If you've ever watched a clip and thought, "I'd know if that was fake" — this one's about you. Because that exact belief is the trap. The team at Utah Valley University showed people a mix of real footage and deepfakes — videos generated by AI to look and sound like real people. Then they measured how those videos changed what people believed. What they found cuts right through the advice we've all been given about thinking critically online. So if no group can reliably catch a fake — what's actually protecting us?

Start with the number that matters. The researchers found that fake videos shifted people's opinions just as much as real ones. Roughly the same swing, whether the footage was genuine or completely manufactured. Let that sit for a second. A video of something that never happened moved people exactly as much as a video of something that did. For anyone who watches video evidence for a living, that erases a line you used to trust.

Then there's the confidence problem. The study found that knowing deepfakes exist doesn't help you catch them. Being aware of the threat and being able to detect it — those are two completely different skills.
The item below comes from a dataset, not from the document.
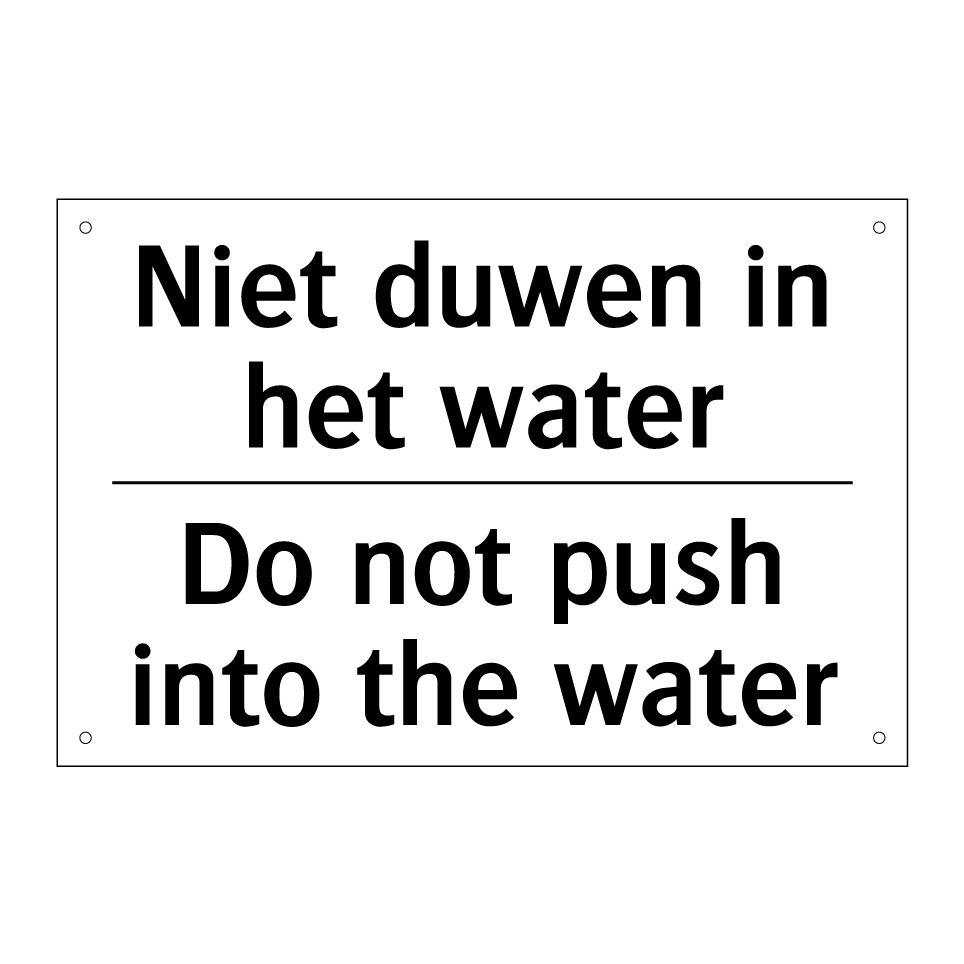 Verbodsbord met de tekst Niet duwen in het water en in het Engels: Do not push into the water

In fact, warning people may make it worse. The more certain you are that you're too smart to be tricked, the better a target you become. That means the savvy friend who shares "obvious fakes" all day? Statistically, they're the one walking into it.

The technology itself has crossed a line. Those old giveaways — the weird blinking, the melting hands, the robotic voice — researchers say those tells are largely gone now. And making one no longer takes a studio. It takes a smartphone. The trouble is, the tools that create fakes are improving faster than the tools that catch them. The forgers are winning the race.


The Bottom Line

And it's already shaping real votes. In the recent election cycle, nearly half of voters said a deepfake influenced a decision they made — even though most of them say they distrust the technology. Read that twice. People who don't trust fake video still got moved by it. Because a synthetic clip doesn't need to convince you of a fact. It just needs to plant a doubt — to shift how you feel before your brain ever checks the source.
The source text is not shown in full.